§ WORK TO BE COMPLETED: Reproduce the material below only from the line with "ДоставкаЖіноча трикотажна водолазка" to the line with "Gazeteci İsmail Saymaz, iddiayı", both included, keeping each line exact and dropping the pictures.

::: SUPPLIED RECORDS :::

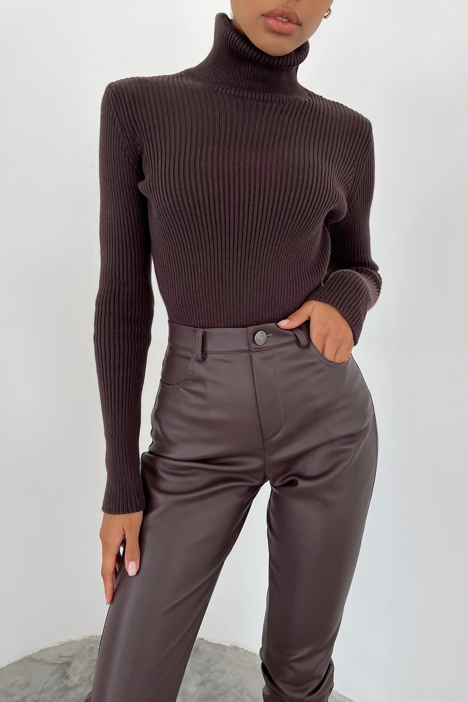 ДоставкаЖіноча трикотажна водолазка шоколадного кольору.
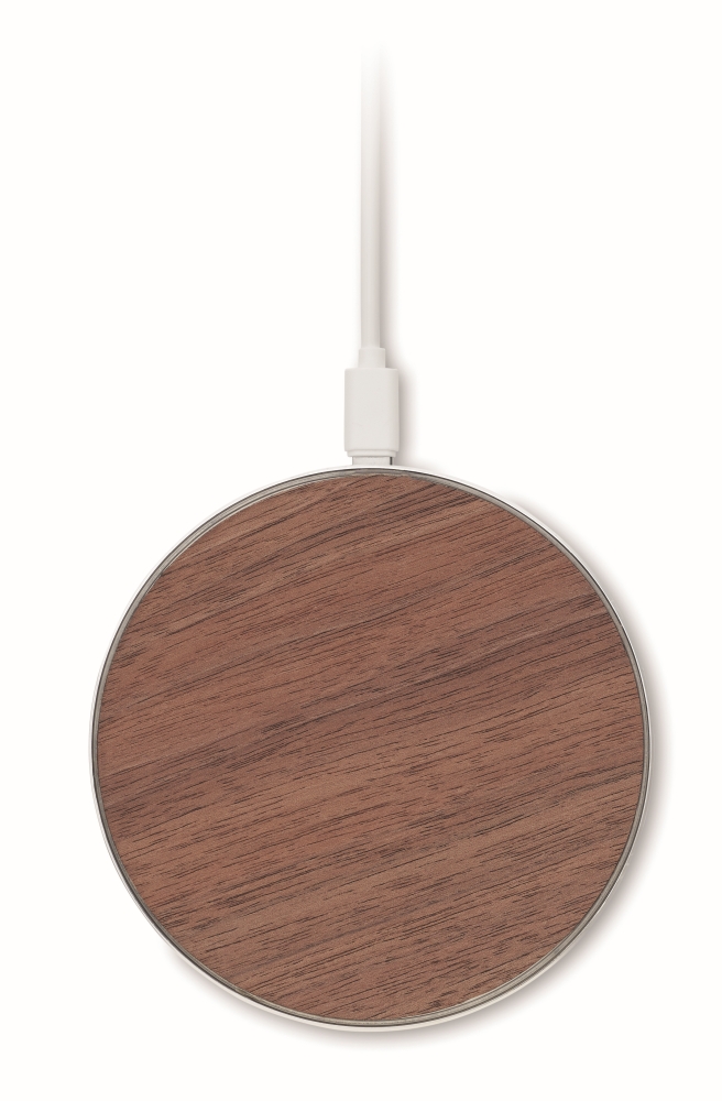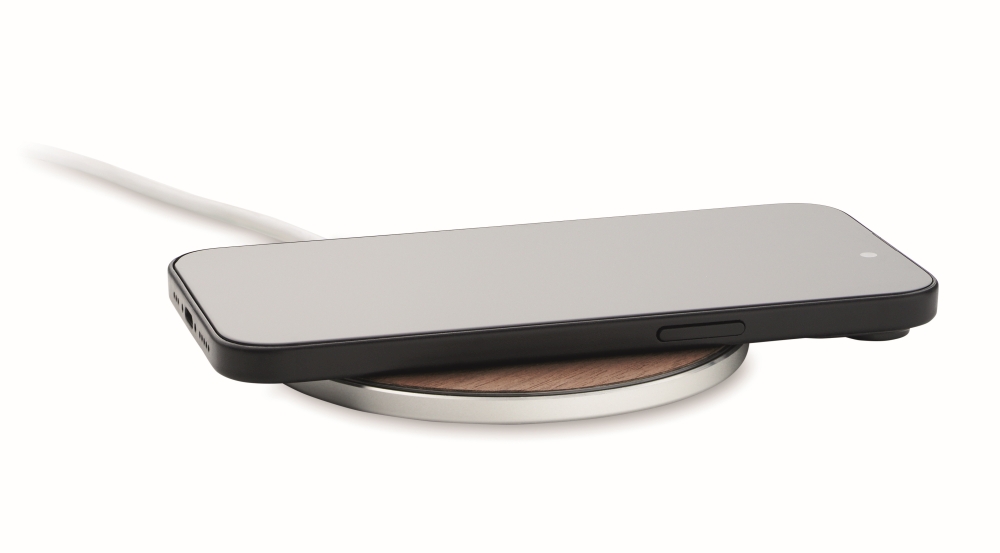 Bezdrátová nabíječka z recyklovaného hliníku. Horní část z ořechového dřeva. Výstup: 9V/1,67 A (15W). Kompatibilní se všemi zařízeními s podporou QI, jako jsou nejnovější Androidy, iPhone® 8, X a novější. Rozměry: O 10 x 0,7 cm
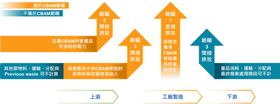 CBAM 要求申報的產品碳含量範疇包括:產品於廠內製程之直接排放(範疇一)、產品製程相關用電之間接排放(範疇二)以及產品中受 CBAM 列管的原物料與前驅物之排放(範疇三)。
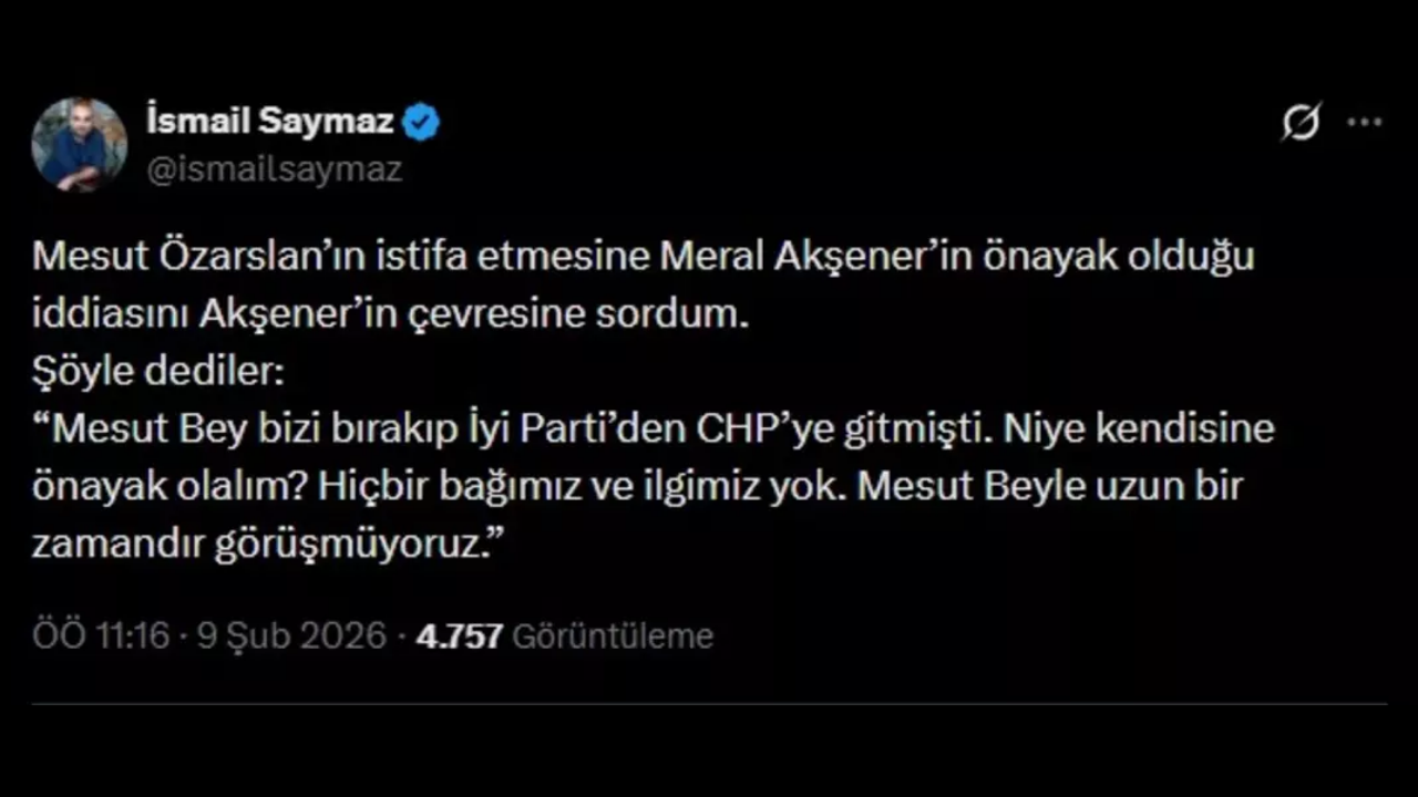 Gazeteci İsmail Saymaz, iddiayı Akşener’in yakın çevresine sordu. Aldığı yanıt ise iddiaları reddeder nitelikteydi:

:::
::: SUPPLIED RECORDS :::

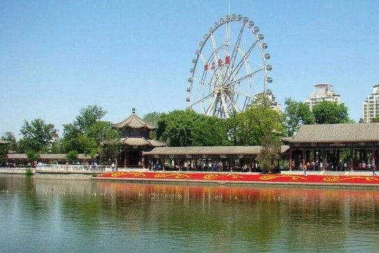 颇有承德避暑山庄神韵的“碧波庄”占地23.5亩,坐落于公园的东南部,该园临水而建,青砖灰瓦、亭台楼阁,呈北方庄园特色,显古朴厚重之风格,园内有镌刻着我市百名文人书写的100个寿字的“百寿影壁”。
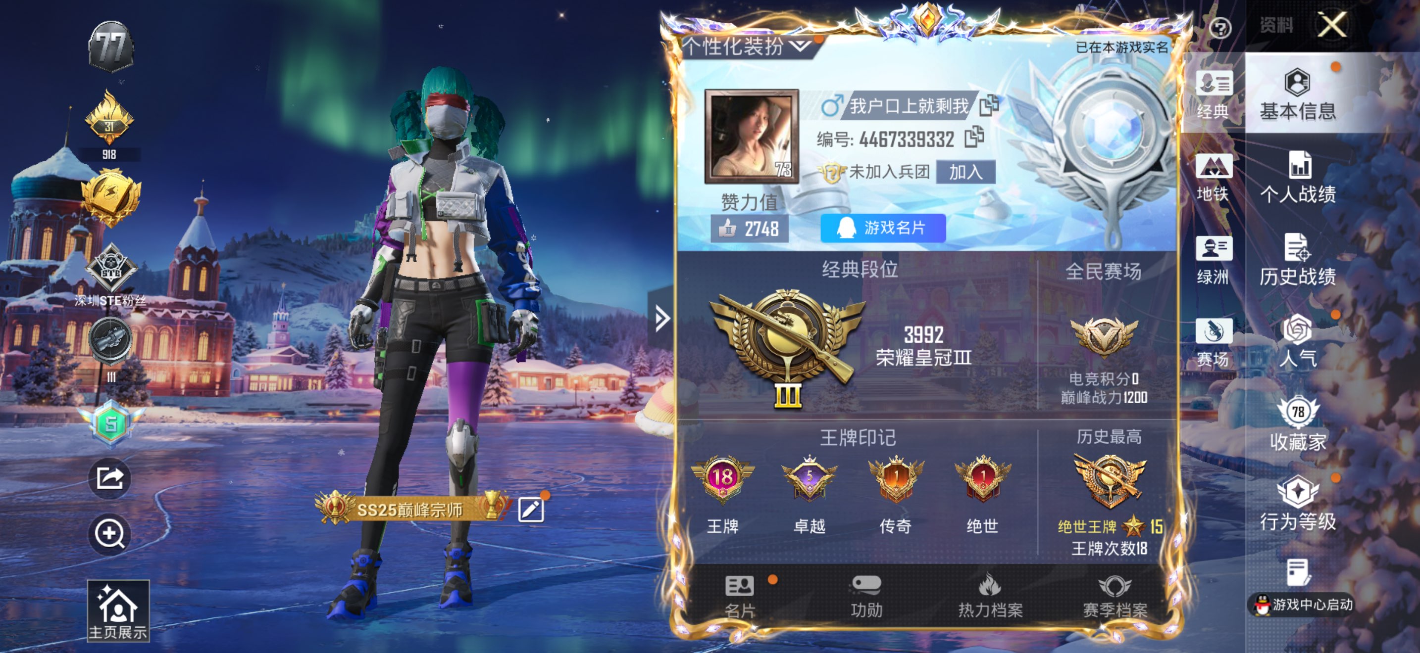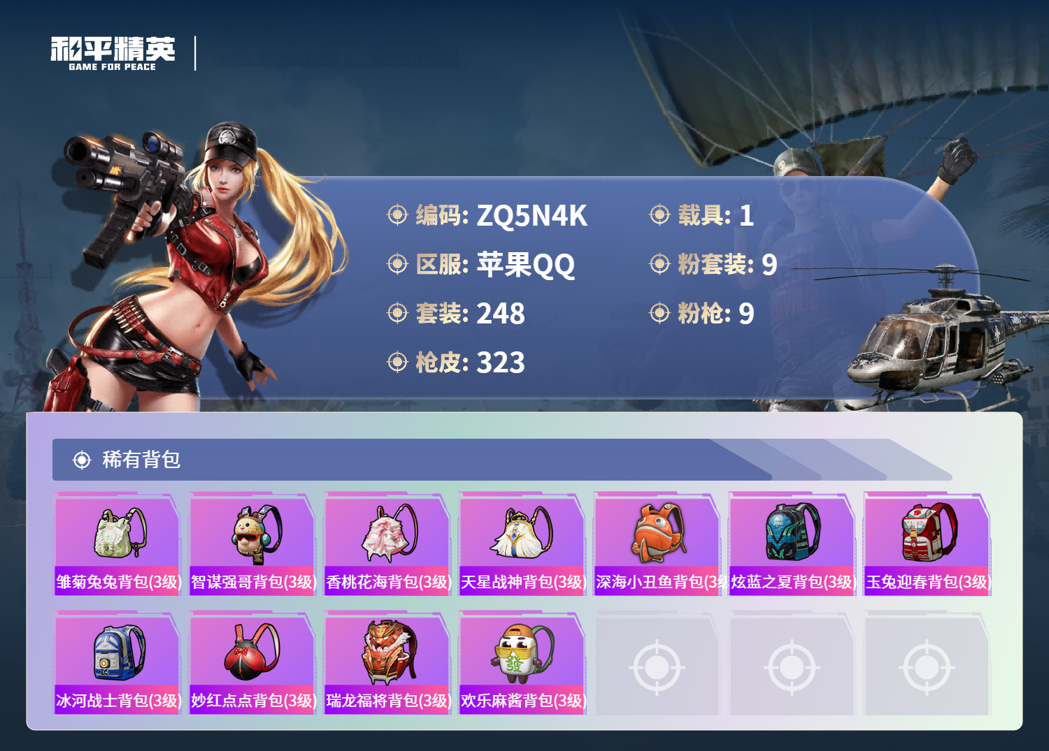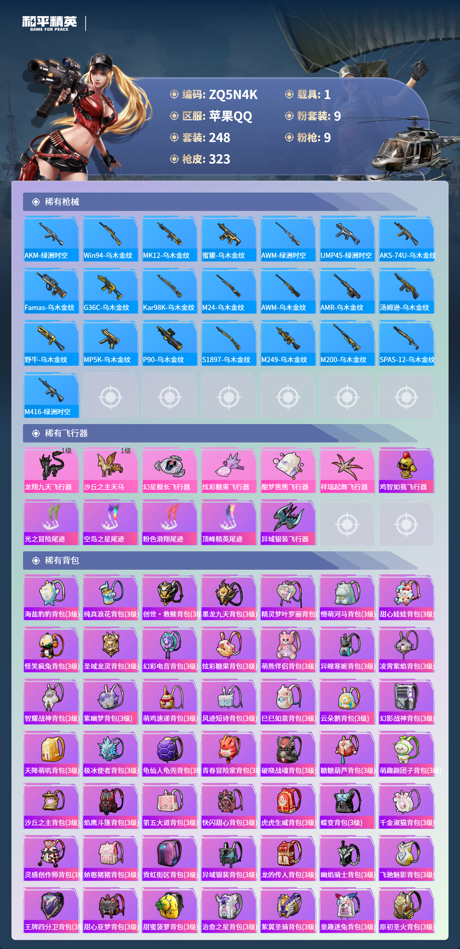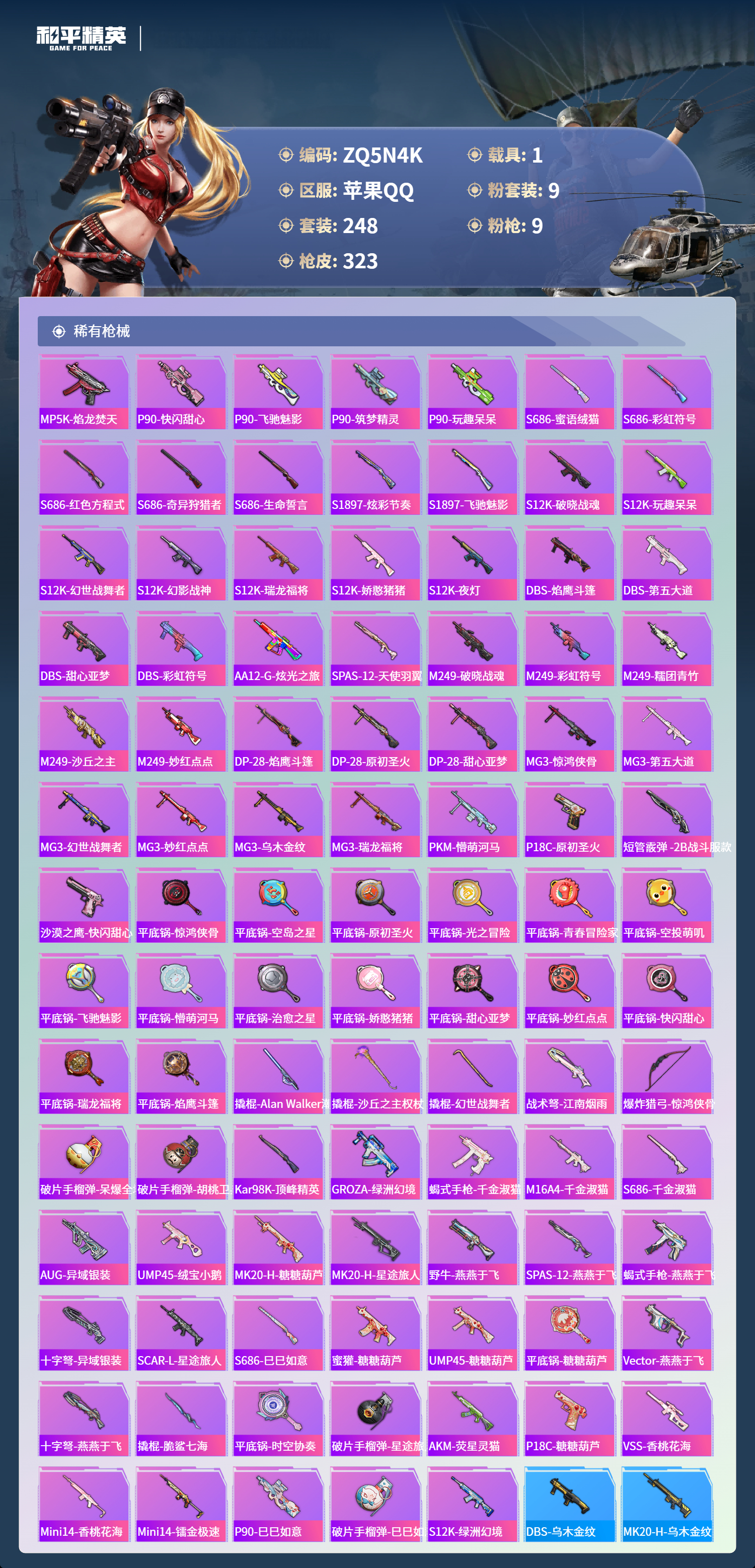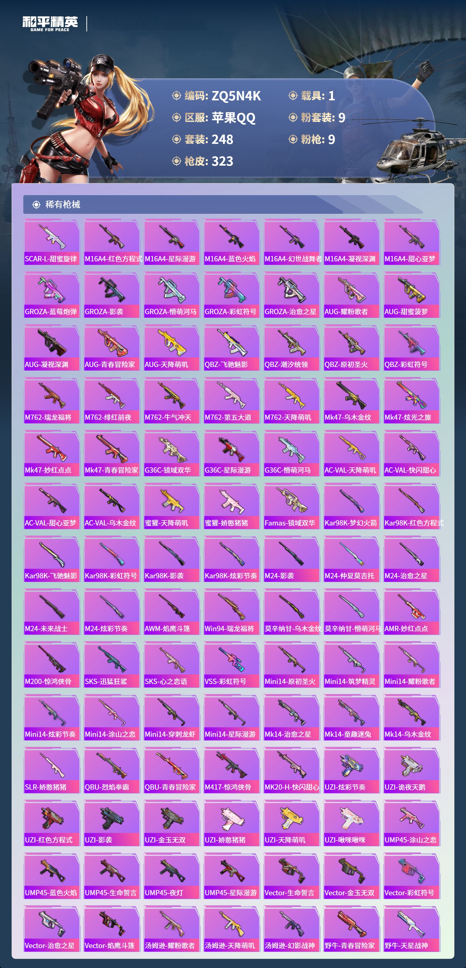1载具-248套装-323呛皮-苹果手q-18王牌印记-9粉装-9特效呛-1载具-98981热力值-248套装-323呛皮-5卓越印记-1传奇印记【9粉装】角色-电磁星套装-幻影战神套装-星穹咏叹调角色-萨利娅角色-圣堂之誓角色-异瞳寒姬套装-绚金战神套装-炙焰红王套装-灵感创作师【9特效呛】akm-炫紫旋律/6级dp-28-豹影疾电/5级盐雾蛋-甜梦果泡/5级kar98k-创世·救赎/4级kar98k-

:::
::: SUPPLIED RECORDS :::

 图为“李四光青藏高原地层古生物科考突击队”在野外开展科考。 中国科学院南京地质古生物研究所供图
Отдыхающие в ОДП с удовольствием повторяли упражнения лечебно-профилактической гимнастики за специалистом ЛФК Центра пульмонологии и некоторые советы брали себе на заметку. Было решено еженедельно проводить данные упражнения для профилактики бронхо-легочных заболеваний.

:::

§ SOLUTION TO THE EXERCISE:
 ДоставкаЖіноча трикотажна водолазка шоколадного кольору.
 Bezdrátová nabíječka z recyklovaného hliníku. Horní část z ořechového dřeva. Výstup: 9V/1,67 A (15W). Kompatibilní se všemi zařízeními s podporou QI, jako jsou nejnovější Androidy, iPhone® 8, X a novější. Rozměry: O 10 x 0,7 cm
 CBAM 要求申報的產品碳含量範疇包括:產品於廠內製程之直接排放(範疇一)、產品製程相關用電之間接排放(範疇二)以及產品中受 CBAM 列管的原物料與前驅物之排放(範疇三)。
 Gazeteci İsmail Saymaz, iddiayı Akşener’in yakın çevresine sordu. Aldığı yanıt ise iddiaları reddeder nitelikteydi:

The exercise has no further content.